**TASK DESCRIPTION**: Pictures aside, write every record out again word for word.

=======

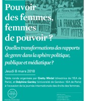Table ronde organisée par Delphine Gardey (Professeur d'histoire contemporaine, Université de Genève / résidente 2017-2018 de l'IEA de Paris) et Gretty Mirdal (directrice de l'IEA de Paris) à l'occasion de la journée internationale des droits des femmes, avec la participation de Najat Vallaud-Belkacem (ex Ministre des Droits des femmes (2012 - 2014), ex Ministre des Droits des femmes, de la Ville, de la Jeunesse et des Sports (2014), ex Ministre de l'Éducation nationale, de l'Enseignement supérieur et de la Recherche (2014 - 2017)), Catherine Achin (Professeur de sciences politiques, Université Paris Dauphine), Cécile Daumas (rédactrice en chef adjointe, service Idées, Libération) et Laure Bretton (journaliste politique, Libération).
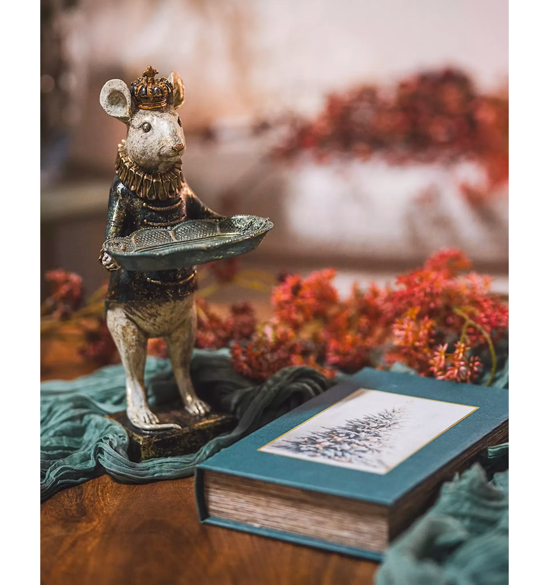 Denna mus med krona som håller i en bricka är en fin dekoration som du kan ha på ett soffbord eller en bänk i vardagsrummet. Tillverkad av poly.storlek 15x32 cm
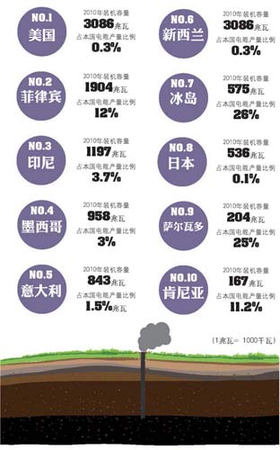本表格根據(jù)國際能源署2010年5月發(fā)布的《國際地?zé)崮苁袌鰣蟾妗泛蛧H地?zé)釁f(xié)會網(wǎng)站資料翻譯整理,中國名列第18位。
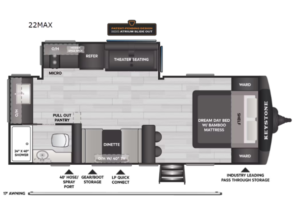You and your spouse will love this travel trailers plush dream day bed with a comfortable bamboo mattress. Ample storage is provided by the wardrobes on each side of the bed, keeping your favorite outfits within easy reach. The booth dinette and theater seating provide perfect spots to enjoy meals, play games, or relax with loved ones. Plus, the layout is designed to maximize comfort and conversation. Whip up meals and snacks with ease and enjoy the convenience of having everything you need in one place since the kitchen is equipped with essentials, including a refrigerator, microwave, and pull-out pantry. Also, the full bathroom provides a convenient private space to get ready for the day.
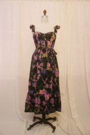 The Alara dress in Midnight Floral is moody evening perfection. This spaghetti strap midi dress comes in a black, slinky fabric paterned with large purple and green violet watercolor florals throughout. The romantic cut makes the Alara a perfect evening dress, ideal for events with a cocktail dresscode! The soft cups of the sweetheart neckline are defined with underwire, and the boning of the bodice gives a corseting effect, but the smocked back panel and hidden rear zipper make for comfortable wear with a custom fit. The skirt falls gently from the natural waist, skimming the body til it reaches the bottom tier, for a subtle mermaid shape. The thigh-high slit and independent ribbon belt bring the drama for your next fancy event, but can be styled with chunky combat boots for a cool 90s everyday vibe.
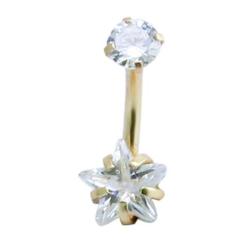 14Ga Surgical Steel Double CZ Star Belly Ring
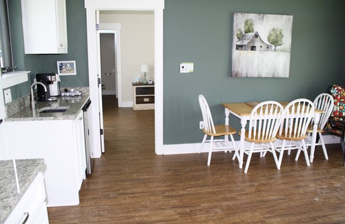 The Casita has two bedrooms (1 king, 2 doubles), each with their own private bath, and a center gathering room with futon, table, sink, small refrigerator, and K-cup coffee maker. Outside is a fire ring to enjoy the evening stars and mooing of neighboring cows. Great place for s'mores (roasting sticks provided)!
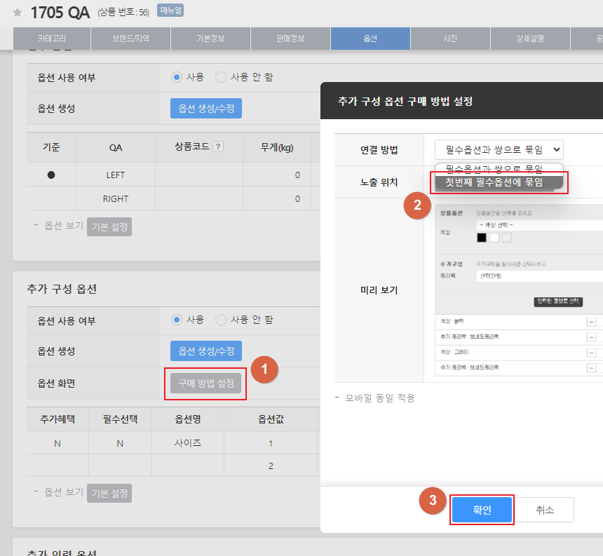 2. '추가 구성 옵션'의 옵션 화면에서 '구매 방법 설정' 을 클릭하여 노출 위치를 '첫번째 필수옵션에 묶임' 으로 변경해주신 후 확인을 클릭 해주세요.
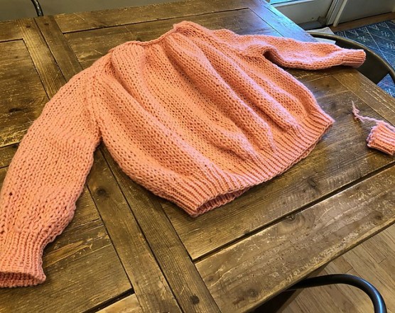 I bound off somewhat loosely for the neckline and seamed up the sleeves (not too tight on this seaming!) When I tried on the sweater I looked like a big piece of cotton candy. The sleeves were at my elbows and the yarn had a lot of loft and body – so much so that it floated around me like a cloud rather than draped.

=======

**RESPONSE TO THIS EXERCISE**:
Table ronde organisée par Delphine Gardey (Professeur d'histoire contemporaine, Université de Genève / résidente 2017-2018 de l'IEA de Paris) et Gretty Mirdal (directrice de l'IEA de Paris) à l'occasion de la journée internationale des droits des femmes, avec la participation de Najat Vallaud-Belkacem (ex Ministre des Droits des femmes (2012 - 2014), ex Ministre des Droits des femmes, de la Ville, de la Jeunesse et des Sports (2014), ex Ministre de l'Éducation nationale, de l'Enseignement supérieur et de la Recherche (2014 - 2017)), Catherine Achin (Professeur de sciences politiques, Université Paris Dauphine), Cécile Daumas (rédactrice en chef adjointe, service Idées, Libération) et Laure Bretton (journaliste politique, Libération).
 Denna mus med krona som håller i en bricka är en fin dekoration som du kan ha på ett soffbord eller en bänk i vardagsrummet. Tillverkad av poly.storlek 15x32 cm
本表格根據(jù)國際能源署2010年5月發(fā)布的《國際地?zé)崮苁袌鰣蟾妗泛蛧H地?zé)釁f(xié)會網(wǎng)站資料翻譯整理,中國名列第18位。
You and your spouse will love this travel trailers plush dream day bed with a comfortable bamboo mattress. Ample storage is provided by the wardrobes on each side of the bed, keeping your favorite outfits within easy reach. The booth dinette and theater seating provide perfect spots to enjoy meals, play games, or relax with loved ones. Plus, the layout is designed to maximize comfort and conversation. Whip up meals and snacks with ease and enjoy the convenience of having everything you need in one place since the kitchen is equipped with essentials, including a refrigerator, microwave, and pull-out pantry. Also, the full bathroom provides a convenient private space to get ready for the day.
 The Alara dress in Midnight Floral is moody evening perfection. This spaghetti strap midi dress comes in a black, slinky fabric paterned with large purple and green violet watercolor florals throughout. The romantic cut makes the Alara a perfect evening dress, ideal for events with a cocktail dresscode! The soft cups of the sweetheart neckline are defined with underwire, and the boning of the bodice gives a corseting effect, but the smocked back panel and hidden rear zipper make for comfortable wear with a custom fit. The skirt falls gently from the natural waist, skimming the body til it reaches the bottom tier, for a subtle mermaid shape. The thigh-high slit and independent ribbon belt bring the drama for your next fancy event, but can be styled with chunky combat boots for a cool 90s everyday vibe.
 14Ga Surgical Steel Double CZ Star Belly Ring
 The Casita has two bedrooms (1 king, 2 doubles), each with their own private bath, and a center gathering room with futon, table, sink, small refrigerator, and K-cup coffee maker. Outside is a fire ring to enjoy the evening stars and mooing of neighboring cows. Great place for s'mores (roasting sticks provided)!
 2. '추가 구성 옵션'의 옵션 화면에서 '구매 방법 설정' 을 클릭하여 노출 위치를 '첫번째 필수옵션에 묶임' 으로 변경해주신 후 확인을 클릭 해주세요.
 I bound off somewhat loosely for the neckline and seamed up the sleeves (not too tight on this seaming!) When I tried on the sweater I looked like a big piece of cotton candy. The sleeves were at my elbows and the yarn had a lot of loft and body – so much so that it floated around me like a cloud rather than draped.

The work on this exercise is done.